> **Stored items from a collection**
╔══

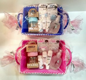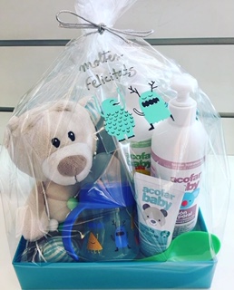 Creación y decoración de canastillas personalizadas con productos para bebes y madres.
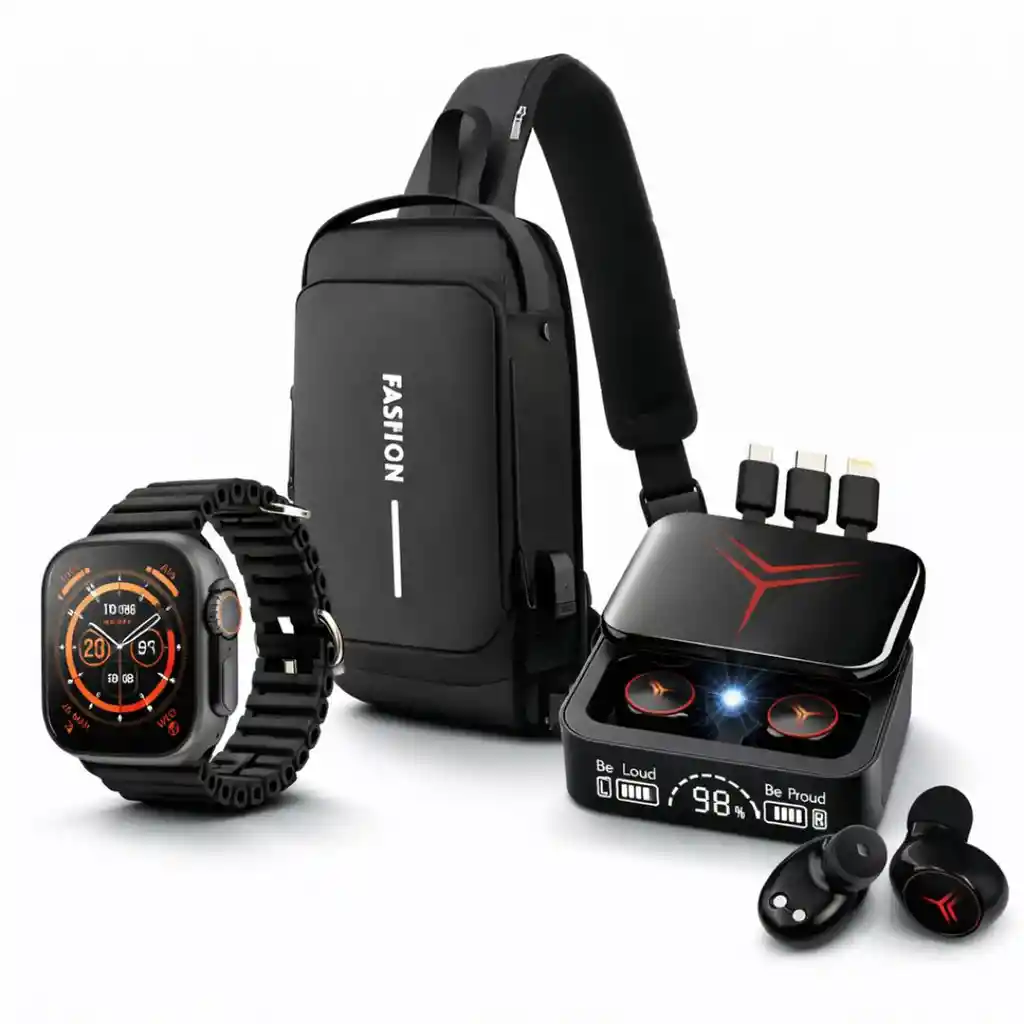 Si te mueves todo el día, este combo va contigo Hay productos que se quedan en casa… y otros que realmente se adaptan a tu ritmo. Este combo está diseñado para acompañarte en movimiento, ya sea en el trabajo, en la calle o en tus momentos de descanso. El reloj T900 Ultra aporta presencia y funcionalidad en tu muñeca, los audífonos M88 te aíslan del ruido y te conectan con lo que quieres escuchar, y el bolso antirrobo protege lo que llevas contigo mientras incluso te permite cargar tu celular. Es una elección pensada para quienes buscan practicidad real sin perder estilo. Especificaciones: Set tecnológico que incluye smartwatch T900 Ultra con diseño deportivo y tornillería visible, audífonos Bluetooth M88 gamer con base de carga digital, bolso antirrobo negro con puerto USB integrado, sistema de almacenamiento interno y materiales duraderos. Incluye: 1 smartwatch T900 Ultra, 1 audífonos M88 gamer con estuche, 1 bolso antirrobo negro. Garantía: Garantía de 30 días por defectos de fabricación Política de retracto: 5 días hábiles desde la recepción del producto, siempre que esté completo y sin uso. Nota importante: Si el producto llega golpeado o con piezas faltantes, repórtalo en las primeras 24 horas a la transportadora. Para aplicar la garantía, envía fotos y videos donde se evidencie el defecto.
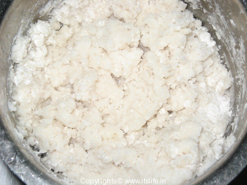 Lower the heat and add the Rice flour and Maida, little by little and keep stirring to form a dough.
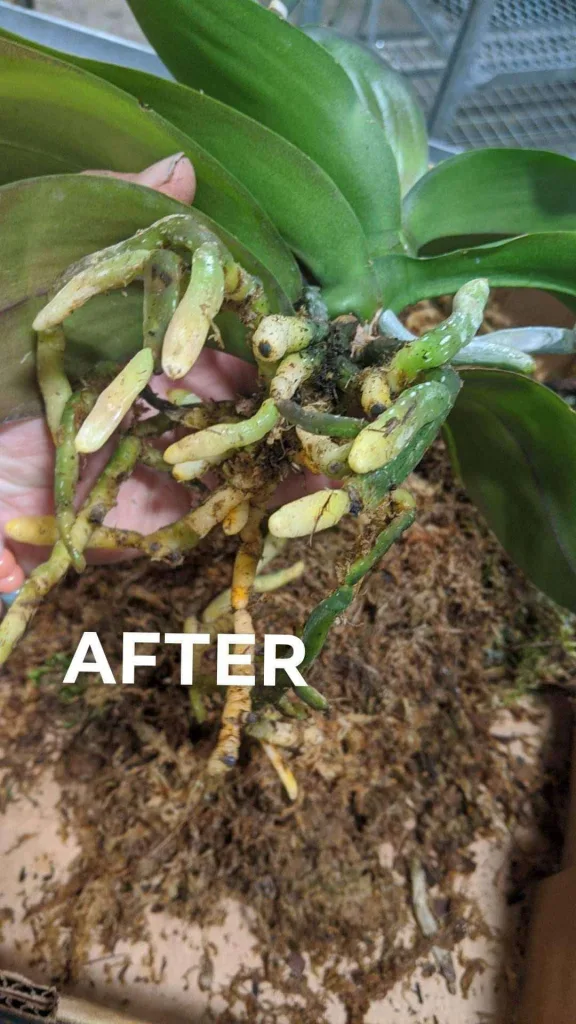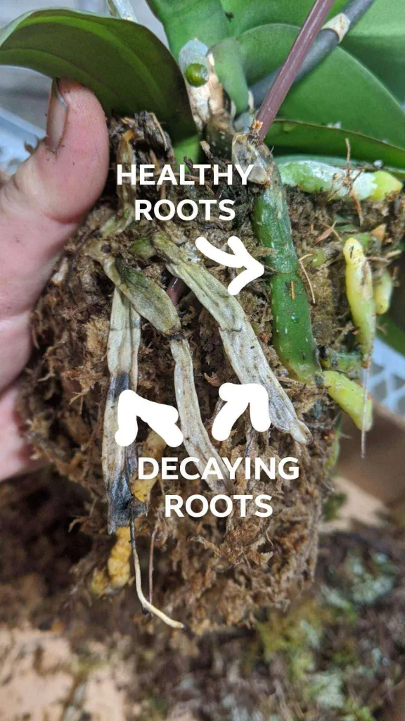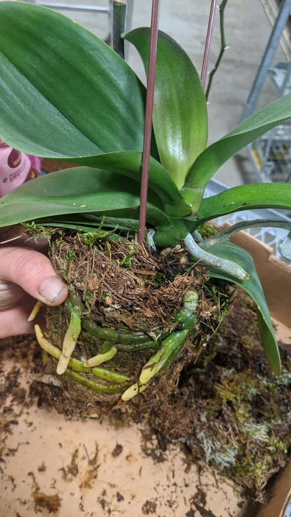 The first thing you want to do is soak the roots so that they are back to a nice green and easy to move around, this is to avoid breaking them. Slowly remove the orchid and remove the drenched moss from the plant so you can see if any dead or decaying roots need to be removed. When looking for a growing medium for orchids, it should be a bark-like coarse substrate. Orchids are epiphytes so they need to have airflow where they grow and they are not sitting in water but they do need some humidity.
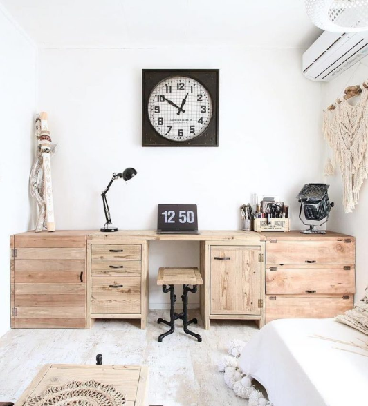 Industrial home offices aren’t all dark and moody. This is an example of a bright white industrial office design with light wood furniture and white walls. It does have a few darker accents like the iron metal wall clock and the black task lamp on the desk, but other than that, this room is quite light and airy!
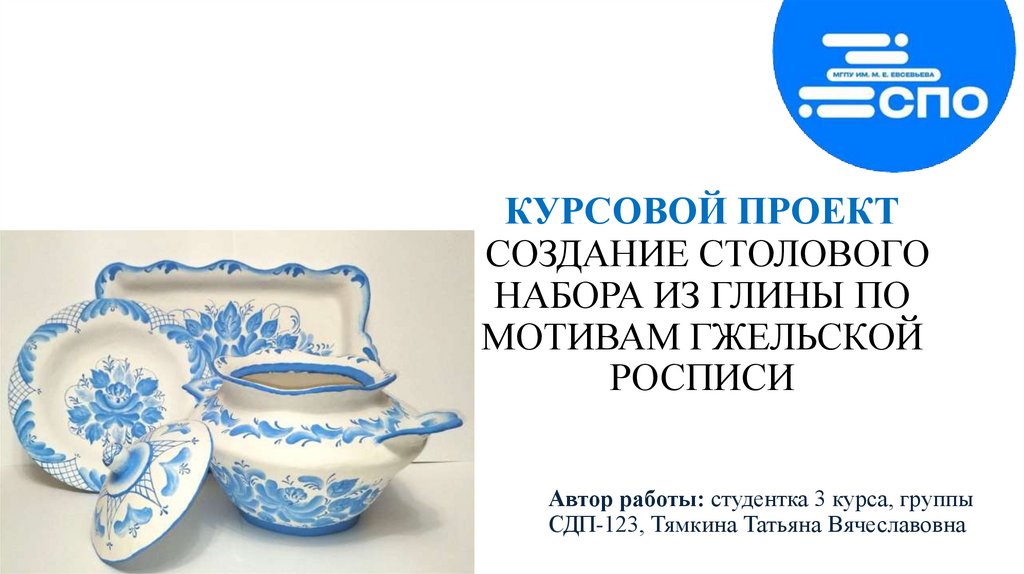1. КУРСОВОЙ ПРОЕКТ СОЗДАНИЕ СТОЛОВОГО НАБОРА ИЗ ГЛИНЫ ПО МОТИВАМ ГЖЕЛЬСКОЙ РОСПИСИ
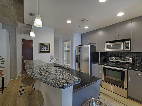 Enjoy the most of city life in this chic, urban oasis. Enter into the open-concept kitchen and living space with new floors throughout. The floor-to-ceiling windows in the living room flood the entire condo with refreshing natural light. Unwind in the bedroom while looking out your window at the city views. A cozy nook in the corner of the bedroom is perfect for creating a home office. You will love the Viridian amenities including a rooftop pool and patio! Make your next home sweet home in the heart of Music City.
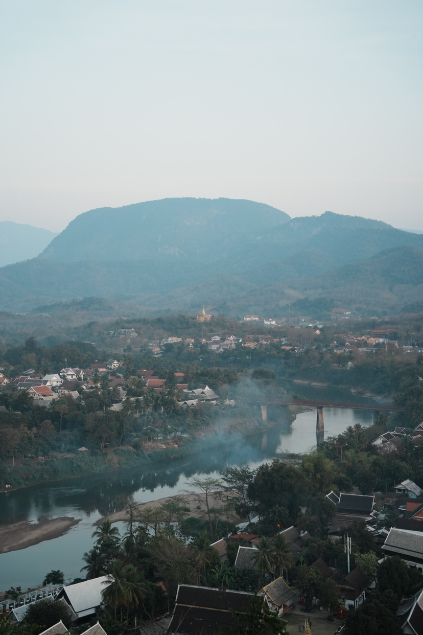 在老挝的松弛感可能莫过如此,找一天爬上浦西山,一边往下看着湄公河上慢悠悠驶过的船只,一边看着琅勃拉邦古城鳞次栉比的法式建筑,静静地一直等到天变换多种颜色……
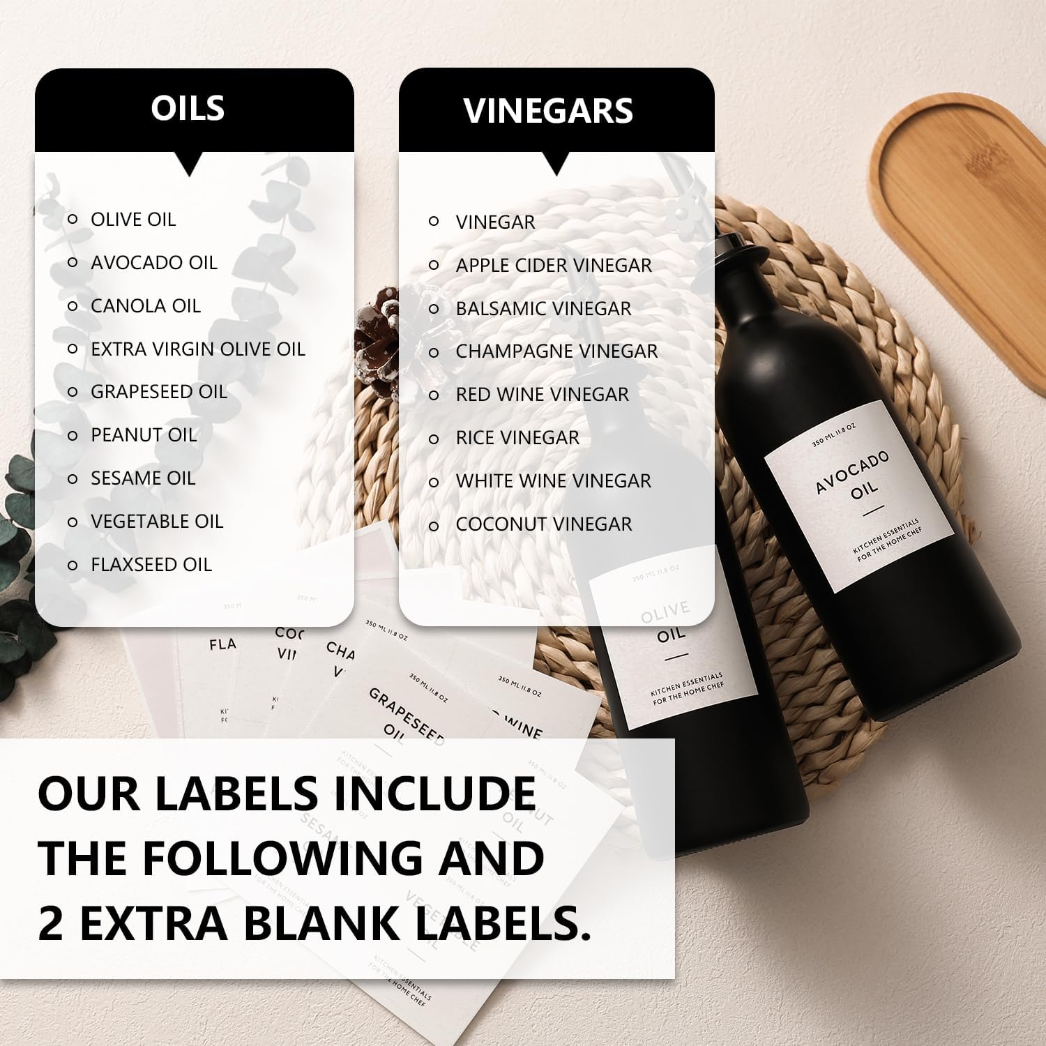- KITCHEN ESSENTIAL - Worthy of sitting on your kitchen counter, The oil bottle for kitchen with label which can help you identify them easily, both decorative and practical, this cooking oil dispenser not only kitchen oil dispenser bottle, but also black and white kitchen décor.
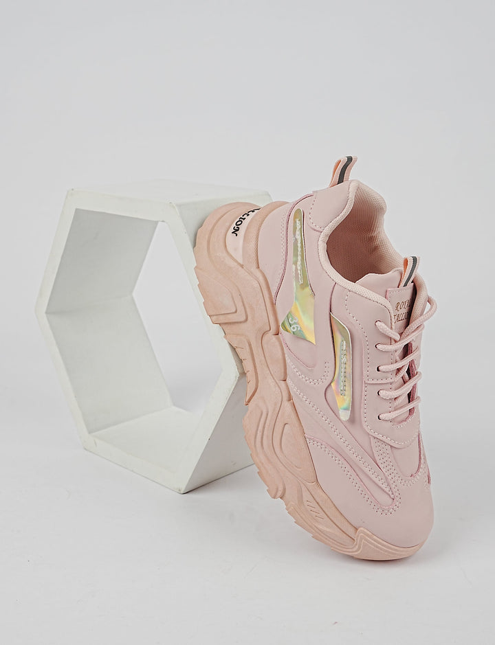 Elevate your sneaker game with our Rosegold Radiance Chunky Sneakers. These sneakers feature a lush pink tone complemented by a hint of metallic rosegold, blending urban style with feminine charm. The thick, sculpted soles provide excellent support, while the soft fabric ensures comfort.
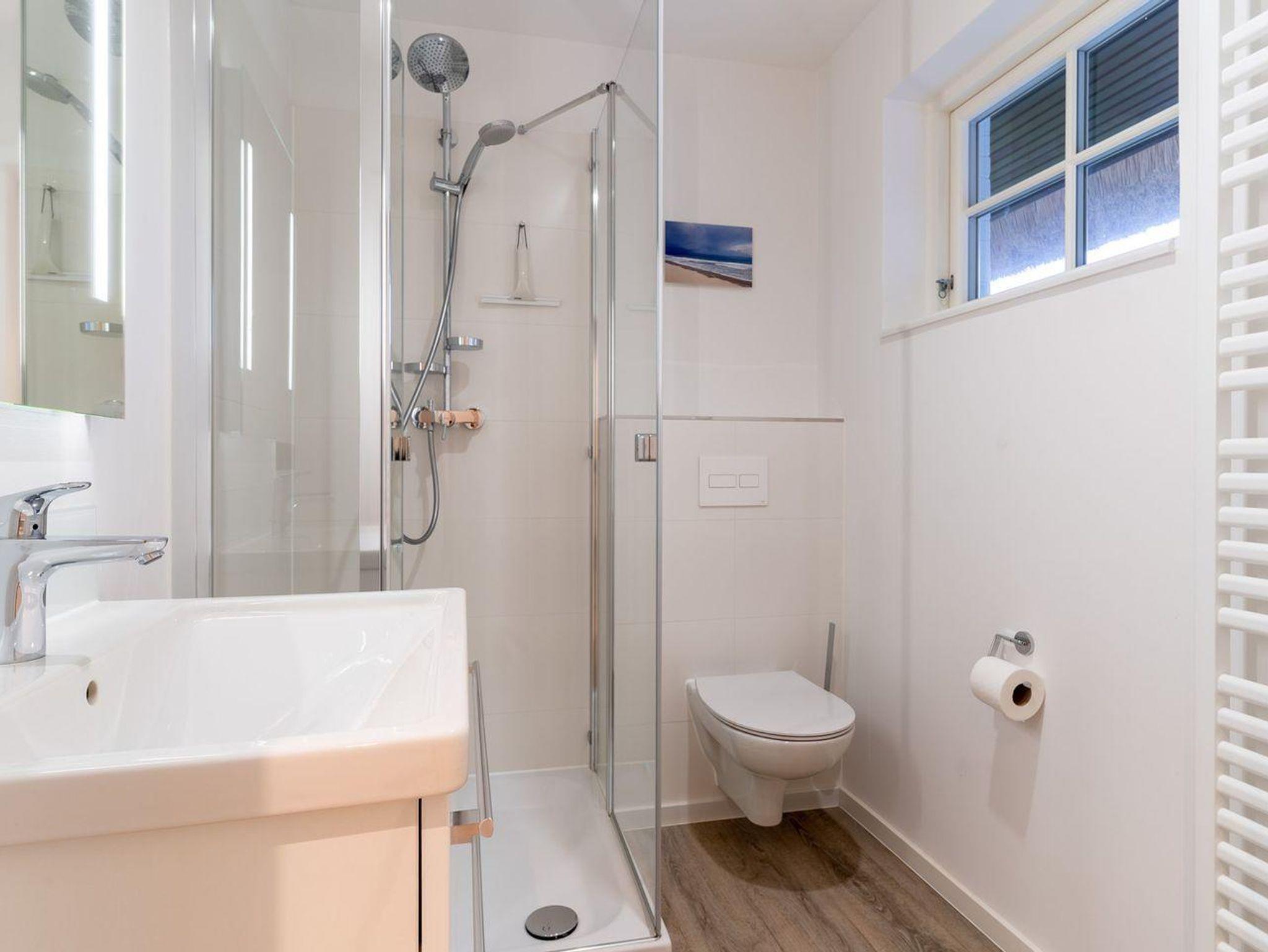 Das moderne Bad mit Fenster verfügt über eine bodentiefe Regendusche, Handtuchheizung, Waschbecken und WC.
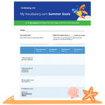 Keep students on track to reach their vocabulary goals this summer with this Vocabulary.com goal tracker! Students can document their total mastered words, set a goal to hit during the break, and track their progress at each checkpoint. Students can use the graph to visualize their progress as they master words.

╚══

> **ABOUT THIS TASK**
Word for word and without pictures, please write out only the lines from the start of the entries through the line containing "Si te mueves", both included.

> **SOLUTION TO THIS PROBLEM**
 Creación y decoración de canastillas personalizadas con productos para bebes y madres.
 Si te mueves todo el día, este combo va contigo Hay productos que se quedan en casa… y otros que realmente se adaptan a tu ritmo. Este combo está diseñado para acompañarte en movimiento, ya sea en el trabajo, en la calle o en tus momentos de descanso. El reloj T900 Ultra aporta presencia y funcionalidad en tu muñeca, los audífonos M88 te aíslan del ruido y te conectan con lo que quieres escuchar, y el bolso antirrobo protege lo que llevas contigo mientras incluso te permite cargar tu celular. Es una elección pensada para quienes buscan practicidad real sin perder estilo. Especificaciones: Set tecnológico que incluye smartwatch T900 Ultra con diseño deportivo y tornillería visible, audífonos Bluetooth M88 gamer con base de carga digital, bolso antirrobo negro con puerto USB integrado, sistema de almacenamiento interno y materiales duraderos. Incluye: 1 smartwatch T900 Ultra, 1 audífonos M88 gamer con estuche, 1 bolso antirrobo negro. Garantía: Garantía de 30 días por defectos de fabricación Política de retracto: 5 días hábiles desde la recepción del producto, siempre que esté completo y sin uso. Nota importante: Si el producto llega golpeado o con piezas faltantes, repórtalo en las primeras 24 horas a la transportadora. Para aplicar la garantía, envía fotos y videos donde se evidencie el defecto.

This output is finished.